1997 USAMO Problems/Problem 3

Problem

Prove that for any integer $n$ , there exists a unique polynomial $Q(x)$ with coefficients in $\{0,1,...,9\}$ such that $Q(-2)=Q(-5)=n$ .

Solution

The problem implies that $Q(x) = (x+2)(x+5) \cdot H_y(x) + n$ . We define $H_y(x) = a_0 + a_1x + ... + a_nx^n$ . Then, after expanding, the coefficient of $x^k$ is $10a_k + 7a_{k-1} + a_{k-2}$ where $2 \le k \le n$ . The constant term is $10a_0 + n$ . Since this has to be within the set ${0,1,...,9}$ , $a_0$ must be unique according to $n$ . The linear term is determined by $10a_1 + 7a_0$ , which also must be within the set ${0,1,...,9}$ . Since $a_0$ is determined uniquely by $n$ , in order to keep the linear coefficient in the set ${0,1,...,9}$ , $a_1$ is also determined uniquely. With $a_0$ and $a_1$ determined uniquely, we move on to the general coefficient.

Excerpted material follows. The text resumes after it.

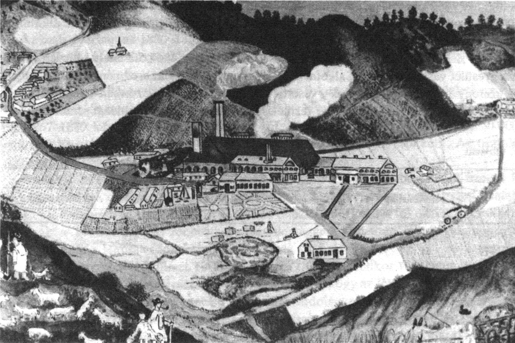 Ózd Metallurgical Works, drawing about 1847–50
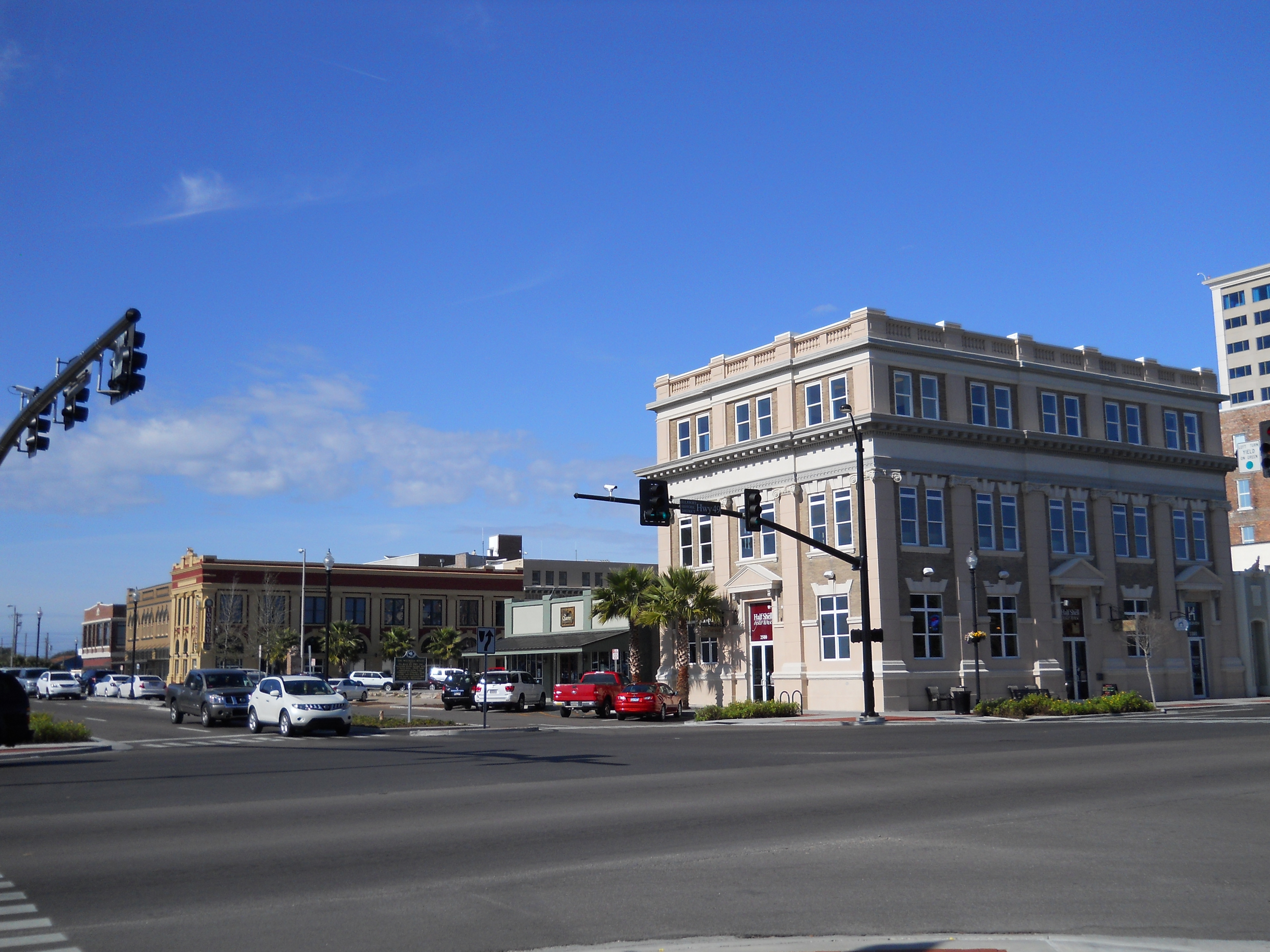 Northwest view of Gulfport Harbor Square Commercial Historic District taken from the intersection of 25th Avenue and 13th Street, Gulfport, Mississippi, USA.

Note that $10a_k + 7a_{k-1} + a_{k-2}$ is in the set ${0,1,...,9}$ . We define $J_h(x)$ to be a function determining the remainder when $x$ is divided by $10$ . Thus, for all $x$ , $0 \le J_h(x) \le 9$ . Note also that $J_h(10a_k + 7a_{k-1} + a_{k-2}) = 10a_k + 7a_{k-1} + a_{k-2}$ , since 10a_k + 7a_{k-1} + a_{k-2} is in the range of $J_h(x)$ . Therefore, $J_h(7a_{k-1} + a_{k-2}) = 10a_k + 7a_{k-1} + a_{k-2}$ , which results in $a_k = \lfloor \frac{7a_{k-1} + a_{k-2}}{10} \rfloor$ for all $2 \le k \le n$ . Thus, $a_k$ is determined uniquely, since all coefficients $a_i$ where $0 \le i < k$ are uniquely determined, which in turn determines a unique polynomial $Q(x)$ .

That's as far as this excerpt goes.